Von Günther Kunzmann

Die Vegetation der Lahnaue ist sehr stark vom Grundwasser und den regelmäßigen Überschwemmungen geprägt. In enger Beziehung zum Wasserhaushalt stehen die Eigenschaften der Böden, die landwirtschaftliche Nutzung und somit auch das Nährstoffangebot durch Düngung bzw. durch den natürlichen Stoffeintrag der Hochflutwässer. Entsprechend der Standortsvielfalt und der vielgestaltigen Landnutzung kommt in der Lahnaue eine relativ große Zahl wildwachsender Farn- und Blütenpflanzen vor.

Den Beschreibungen zur Vegetation der Lahnaue liegen eigene Untersuchungen und Beobachtungen während des Zeitraumes von 1982 bis 1990 zugrunde. Da das Gebiet im Laufe dieser neun Jahre wiederholt aufgesucht wurde, kann auch über die dort zwischenzeitlich vorgenommene Umgestaltung der Landschaft und die damit verbundenen Veränderungen der Vegetation berichtet werden.

1. Die Flora des Lahntales

Die reichhaltige floristische Ausstattung dieses Gebietes läßt sich mit einigen Zahlen belegen: Den eigenen Aufzeichnungen zufolge ergibt sich für die Lahnaue zwischen Dutenhofen, Atzbach und Heuchelheim eine Zahl von über 430 wildwachsenden bzw. eingebürgerten Pflanzenarten. Entsprechend der Flächennutzung zählen davon 46 % zu den Pflanzenarten des Grünlandes, 13 % sind Ackerwildkräuter, und 41 % der Arten wachsen in den Pflanzengemeinschaften der nicht landwirtschaftlich genutzten Flächen. Zu den letztgenannten zählen auch 14 Arten, die an Standorte im oder am Wasser gebunden sind. 31 Arten gehören zu den ursprünglichen Pflanzengesellschaften der Flußauen, den Weidengebüschen und Auwäldern. Hauptsächlich handelt es sich dabei um Gehölzpflanzen. Zu nennen sind die Schwarzerle (Alnus glutinosa), verschiedene Weidenarten und das Pfaffenhütchen (Euonymus europaeus). Nahezu ein Drittel der in der Lahnaue vorkommenden Pflanzenarten wächst in den Nitrophytenfluren auf den Uferböschungen der Lahn oder in den Zweizahn- bzw. Zwergbinsen - Gesellschaften der Kies- und Schlammböden an den Gewässerrändern. Ein Großteil dieser Pflanzen ist auf die Überschwemmungen bzw. auf den Wechsel von Hoch- und Niedrigwasser angewiesen.

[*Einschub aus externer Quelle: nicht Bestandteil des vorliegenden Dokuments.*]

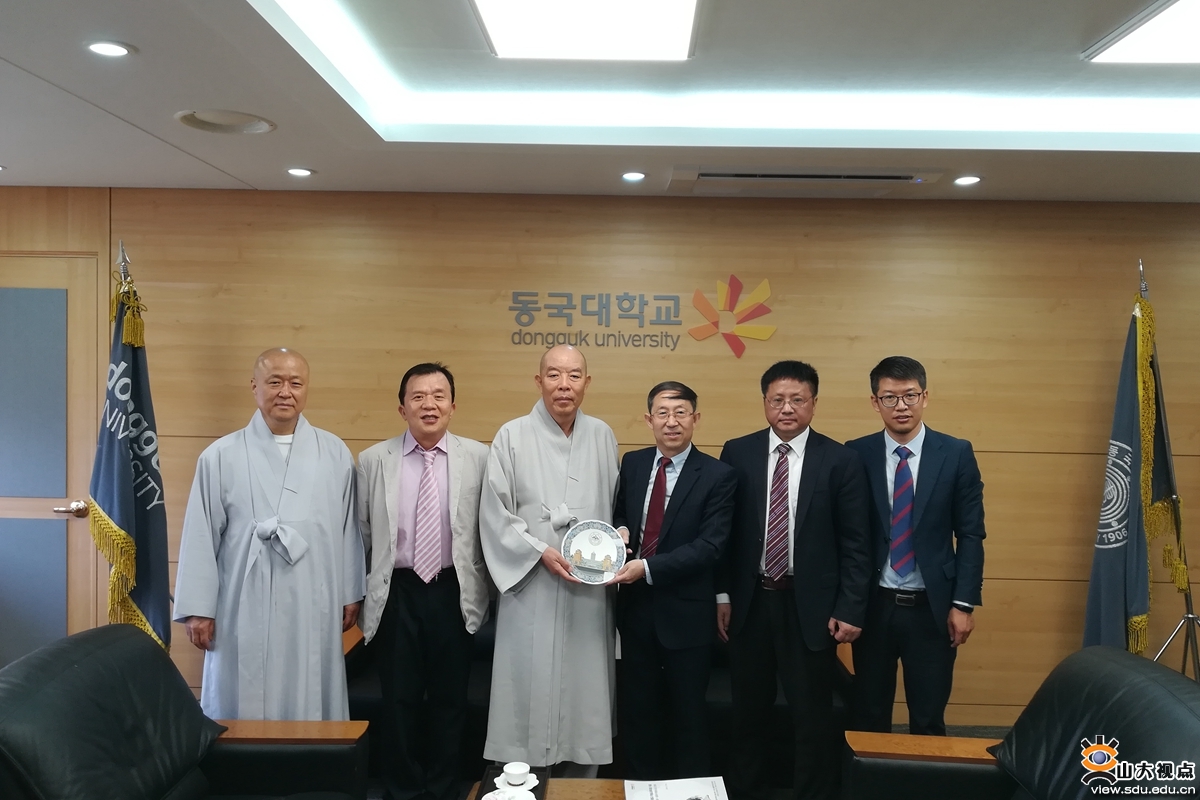 6月7日上午,陈坚教授、牛建科教授、李海涛副教授会见了东国大学校长韩泰植(普光)、东国大学佛教学院院长申景贤教授、东国大学佛教学院原院长宗浩法师等,双方交换了彼此对于东亚佛教的认识,希望通过两校间的学术交流推动中韩佛教学术研究的发展。代表团向东国大学赠送了山东大学校景盘及中心主办的学术刊物《犹太研究》和《东亚宗教》。韩泰植也为山东大学代表团赠送了纪念品。

Schließlich gibt es noch die Gruppe der Ruderalarten, aus denen sich die kurzlebigen Pflanzengemeinschaften auf gestörten Standorten (Erdaufschüttungen, Abgrabungen, Wegrändern u. ä.) zusammensetzen, die aber auch hin und wieder auf Ackerflächen zu finden sind.

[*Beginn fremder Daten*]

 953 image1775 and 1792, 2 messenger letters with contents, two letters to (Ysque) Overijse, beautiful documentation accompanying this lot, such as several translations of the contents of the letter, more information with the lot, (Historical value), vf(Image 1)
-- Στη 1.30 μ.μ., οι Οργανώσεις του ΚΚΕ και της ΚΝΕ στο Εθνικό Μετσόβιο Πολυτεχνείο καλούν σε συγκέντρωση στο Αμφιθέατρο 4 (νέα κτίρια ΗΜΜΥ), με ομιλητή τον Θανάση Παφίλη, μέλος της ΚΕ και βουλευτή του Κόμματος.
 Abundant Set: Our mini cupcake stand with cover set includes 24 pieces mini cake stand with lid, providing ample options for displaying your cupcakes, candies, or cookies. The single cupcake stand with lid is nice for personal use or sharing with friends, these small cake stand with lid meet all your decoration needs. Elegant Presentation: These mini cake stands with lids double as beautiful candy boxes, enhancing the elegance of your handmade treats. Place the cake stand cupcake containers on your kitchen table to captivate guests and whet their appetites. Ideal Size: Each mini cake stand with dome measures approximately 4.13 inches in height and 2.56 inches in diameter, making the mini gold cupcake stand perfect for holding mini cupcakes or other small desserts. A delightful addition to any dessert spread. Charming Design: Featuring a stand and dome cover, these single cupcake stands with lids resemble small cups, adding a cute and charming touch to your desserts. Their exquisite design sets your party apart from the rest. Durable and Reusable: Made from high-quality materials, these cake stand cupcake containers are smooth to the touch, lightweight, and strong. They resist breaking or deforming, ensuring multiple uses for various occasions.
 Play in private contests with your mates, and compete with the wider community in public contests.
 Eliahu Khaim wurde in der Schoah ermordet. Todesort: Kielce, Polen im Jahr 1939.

Der starke Einfluß der Wasserversorgung läßt sich am deutlichsten an der Grünlandflora erkennen. Die 165 typischen Arten der Pflanzengemeinschaften des Grünlandes lassen sich nach ihren Ansprüchen an die Feuchteverhält-nisse folgenden 5 Gruppen zuordnen:

a) 30 Arten (= 18 % der Grünlandpflanzen) kommen nur auf nassen bis sehr nassen, für längere Zeit überstauten Flächen vor;

b) 34 Arten (21 %) bevorzugen feuchte bis nasse Standorte mit geringen Grundwasserflurabständen;

c) 25 Arten (15 %) sind als frischeliebend zu bezeichnen, d. h. sie wachsen fast ausschließlich auf Standortenen, die weder zeitweiligen Wassermangel noch nen-nenswerte Vernässung aufweisen;

d) 60 Arten (36 %) kommen in der Lahnaue auf nahezu allen Standorten vor; im Unterschied zu den frischeliebenden Arten (Gruppe c) sind diese jedoch nicht nässeempfindlich, meiden aber ebenso die trockenen Standorte;

e) 16 Arten (10 %) sind trockenheitsverträglich; sie treten in diesem Gebiet fast ausschließlich auf Flächen mit ganzjährig tiefliegendem Grundwasser auf.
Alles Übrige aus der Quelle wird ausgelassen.